Danny gave her a suspicious look.

“They’re very busy, Mom. They have a lot of homework.”

And birthday parties, Joy thought. It was mathematically impossible, the number of birthday parties those little girls went to. Homework and birthday parties, a balance of a sort. “I know, sweetheart. They work so hard. So do you.”

“Yeah,” he said, mollified. “We do.”

Joy hadn’t seen or heard from her grandchildren in over a month, but that was not why she asked about them. Danny was prickly about his family, as if any inquiry were a veiled criticism. She had asked about the girls because she had suddenly pictured them, like two kittens, their big eyes and silky hair, the way they snuggled into each other like kittens, then batted each other away. They were beautiful, sweet, eccentric girls. It was only natural that she missed them. Only natural that she asked about them. She understood they had their lives and that their lives were imperative and irresistible in that way that a child’s life is.

“I’d love if they called. You know, just to say hello.”

He laughed unkindly. “You sound like Grandma Bergman. Your finger broken? You can’t dial a phone? I mean, you can call them, too, Mom.”

Joy could not explain this to her son, would have been too ashamed even to mention it, but when she did call his house, everyone there was always so busy. It made her feel awkward and intrusive, out of step.

“Grandma Bergman,” she said. “Them’s fightin’ words.”

But there were circles under his eyes, his shirt was wrinkled and his tie rumpled, he’d been up since five, and still he made time for this visit. She got up to spoon out his ice cream herself.

She stood at the door watching as Danny, large and wilted and fiddling with his phone in his pocket, waited for the elevator, and she was glad for once that the elevator was so slow. She could not take her eyes off him.

“Your briefcase is so heavy, Danny. You should get one with wheels.”

He laughed, walked back, gave her another hug. Over his shoulder she could just make out the elevator door opening. She said nothing, holding her big, tired son in her arms. The door closed and the elevator began its slow ascent to some other floor. A high floor, she hoped, her face against his chest. Maybe the penthouse.

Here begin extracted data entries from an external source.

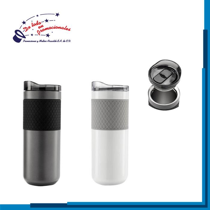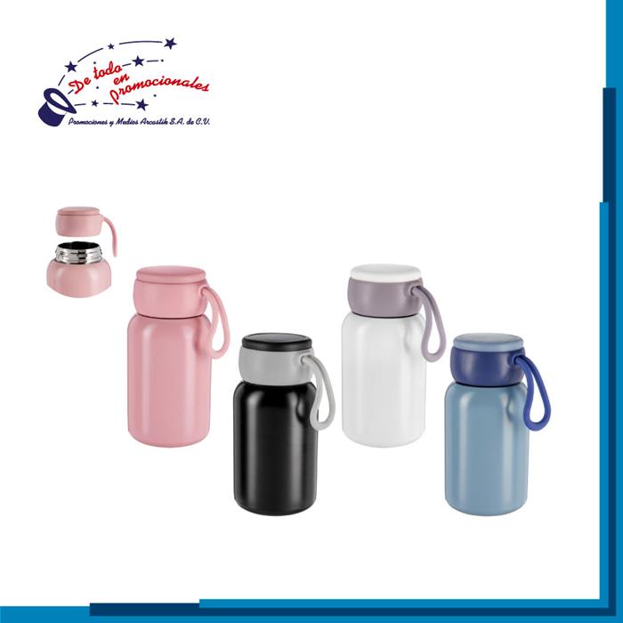 Termo doble pared. Con pared interna de plástico y externa de acero inoxidable. Barras antiderrapantes y tapa de plástico con válvula de seguridad. Capacidad 400 ml.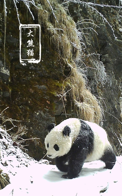 ↑2021年3月1日在大熊猫国家公园北川小寨子沟片区用红外相机拍摄的野生大熊猫。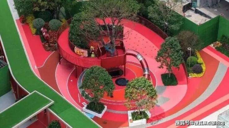 穿过大堂电梯厅,南洋风情园林以"绿洲浮岛"为理念,铺展成可触摸的生活画布。高密度的植被区,让香樟、朴树、精品桂花等10年以上树龄的植株交织成天然穹顶;25年树龄的全冠移植芒果树为儿童成长营地投下浓荫,孩子们在园林观察幼苗生长时,感受着自然的奥秘与生命的律动。

That night, Joy pressed her back against the cushions of the sofa. It was late, after 3 a.m., but it was not dark. It was never dark in New York, and tonight the cloudy sky reflected the city lights in a pale green glow. It was quiet, though. Those few hours when all the creatures of the city, the screeching, roaring buses, the howling ambulances, all seemed to take their rest, when the garbage trucks had not yet trundled out of their caves. She could hear Walter changing Aaron’s colostomy bag. God bless you, Walter, she thought. May the lord bless you and keep you and shine his countenance upon you.